> **Data section**:

+ + + + +

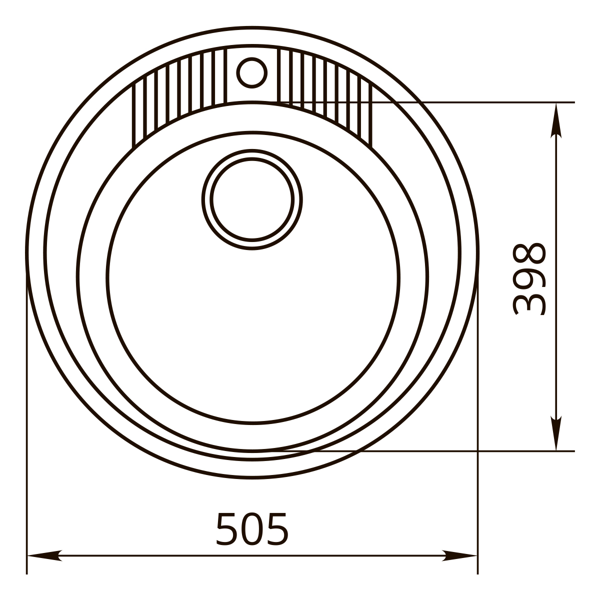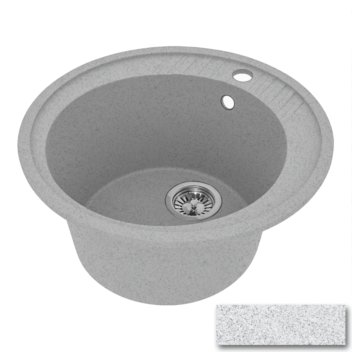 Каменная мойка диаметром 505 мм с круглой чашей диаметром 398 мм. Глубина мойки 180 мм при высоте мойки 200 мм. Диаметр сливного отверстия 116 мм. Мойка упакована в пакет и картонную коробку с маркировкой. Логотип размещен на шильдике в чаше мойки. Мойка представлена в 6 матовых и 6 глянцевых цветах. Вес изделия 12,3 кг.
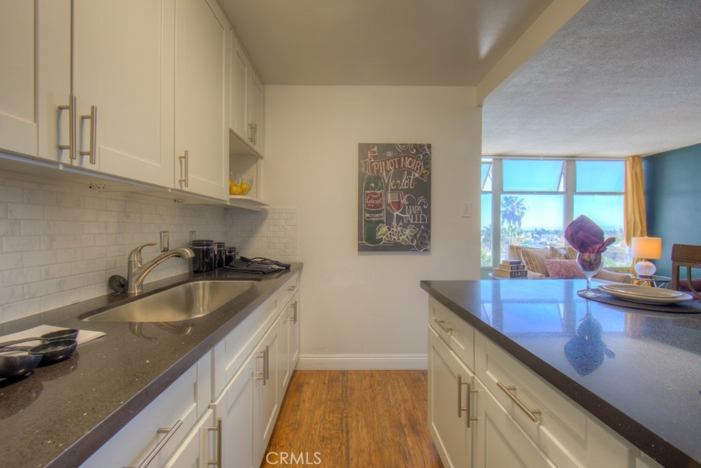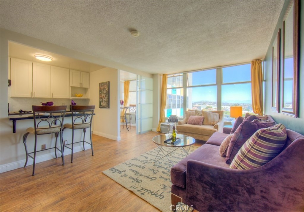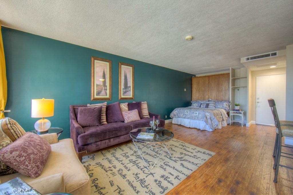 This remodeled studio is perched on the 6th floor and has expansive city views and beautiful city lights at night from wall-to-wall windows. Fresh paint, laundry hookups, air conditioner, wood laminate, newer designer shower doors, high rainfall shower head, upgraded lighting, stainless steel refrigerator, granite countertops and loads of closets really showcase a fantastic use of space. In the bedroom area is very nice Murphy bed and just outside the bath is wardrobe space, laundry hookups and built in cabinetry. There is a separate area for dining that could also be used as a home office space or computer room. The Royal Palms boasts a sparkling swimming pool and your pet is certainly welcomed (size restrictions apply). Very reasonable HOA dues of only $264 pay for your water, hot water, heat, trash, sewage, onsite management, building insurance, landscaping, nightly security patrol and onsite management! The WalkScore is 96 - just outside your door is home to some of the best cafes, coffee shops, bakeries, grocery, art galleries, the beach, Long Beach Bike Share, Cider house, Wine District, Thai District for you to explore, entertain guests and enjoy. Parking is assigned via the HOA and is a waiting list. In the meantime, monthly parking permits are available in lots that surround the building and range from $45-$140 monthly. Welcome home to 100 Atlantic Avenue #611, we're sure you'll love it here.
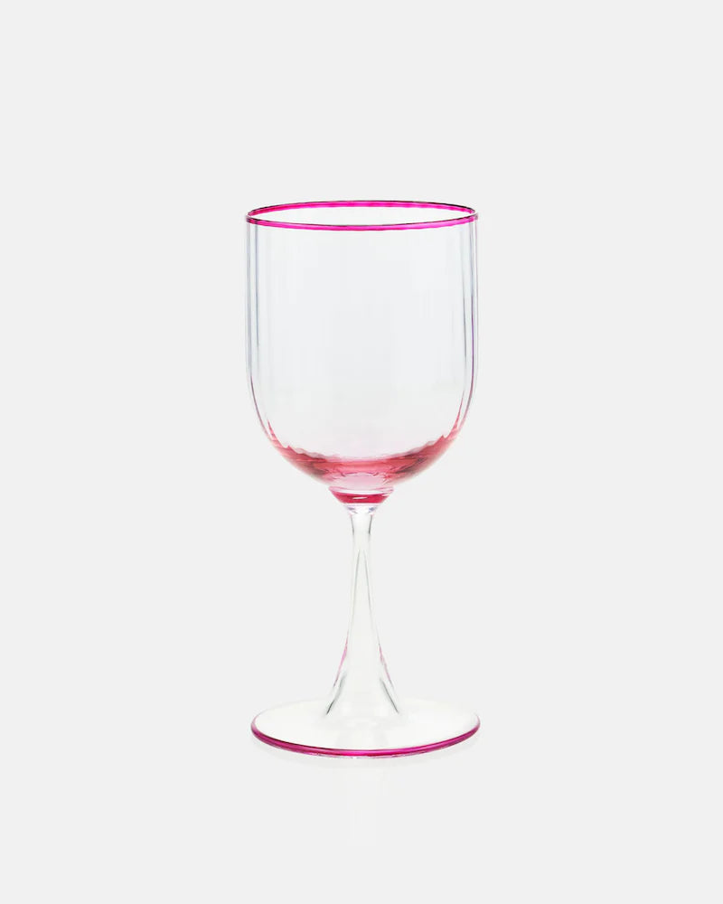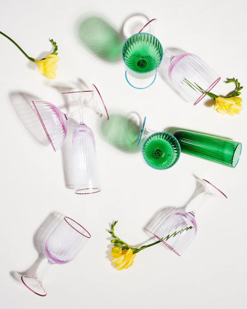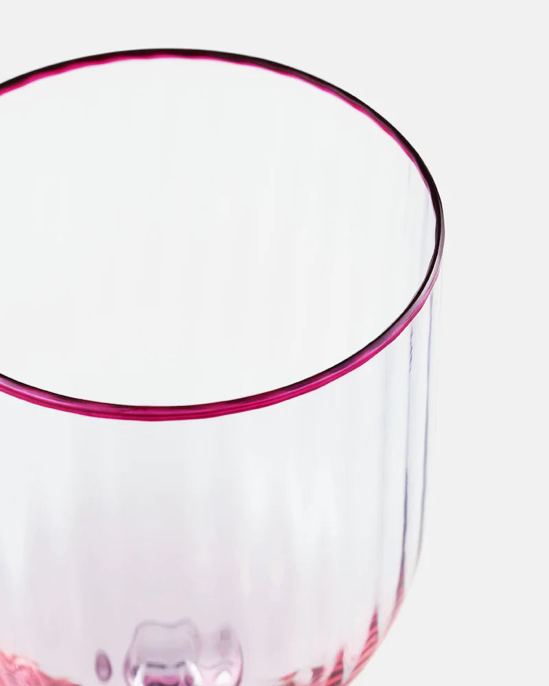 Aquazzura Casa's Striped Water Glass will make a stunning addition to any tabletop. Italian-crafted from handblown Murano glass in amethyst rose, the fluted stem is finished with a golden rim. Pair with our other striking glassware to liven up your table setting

+ + + + +

> **How to complete this task**:
Starting at the line that holds "This remodeled studio", retype every line through the end of the data, both ends included. Pictures stay out of the copy.

> **Exercise answer**:
 This remodeled studio is perched on the 6th floor and has expansive city views and beautiful city lights at night from wall-to-wall windows. Fresh paint, laundry hookups, air conditioner, wood laminate, newer designer shower doors, high rainfall shower head, upgraded lighting, stainless steel refrigerator, granite countertops and loads of closets really showcase a fantastic use of space. In the bedroom area is very nice Murphy bed and just outside the bath is wardrobe space, laundry hookups and built in cabinetry. There is a separate area for dining that could also be used as a home office space or computer room. The Royal Palms boasts a sparkling swimming pool and your pet is certainly welcomed (size restrictions apply). Very reasonable HOA dues of only $264 pay for your water, hot water, heat, trash, sewage, onsite management, building insurance, landscaping, nightly security patrol and onsite management! The WalkScore is 96 - just outside your door is home to some of the best cafes, coffee shops, bakeries, grocery, art galleries, the beach, Long Beach Bike Share, Cider house, Wine District, Thai District for you to explore, entertain guests and enjoy. Parking is assigned via the HOA and is a waiting list. In the meantime, monthly parking permits are available in lots that surround the building and range from $45-$140 monthly. Welcome home to 100 Atlantic Avenue #611, we're sure you'll love it here.
 Aquazzura Casa's Striped Water Glass will make a stunning addition to any tabletop. Italian-crafted from handblown Murano glass in amethyst rose, the fluted stem is finished with a golden rim. Pair with our other striking glassware to liven up your table setting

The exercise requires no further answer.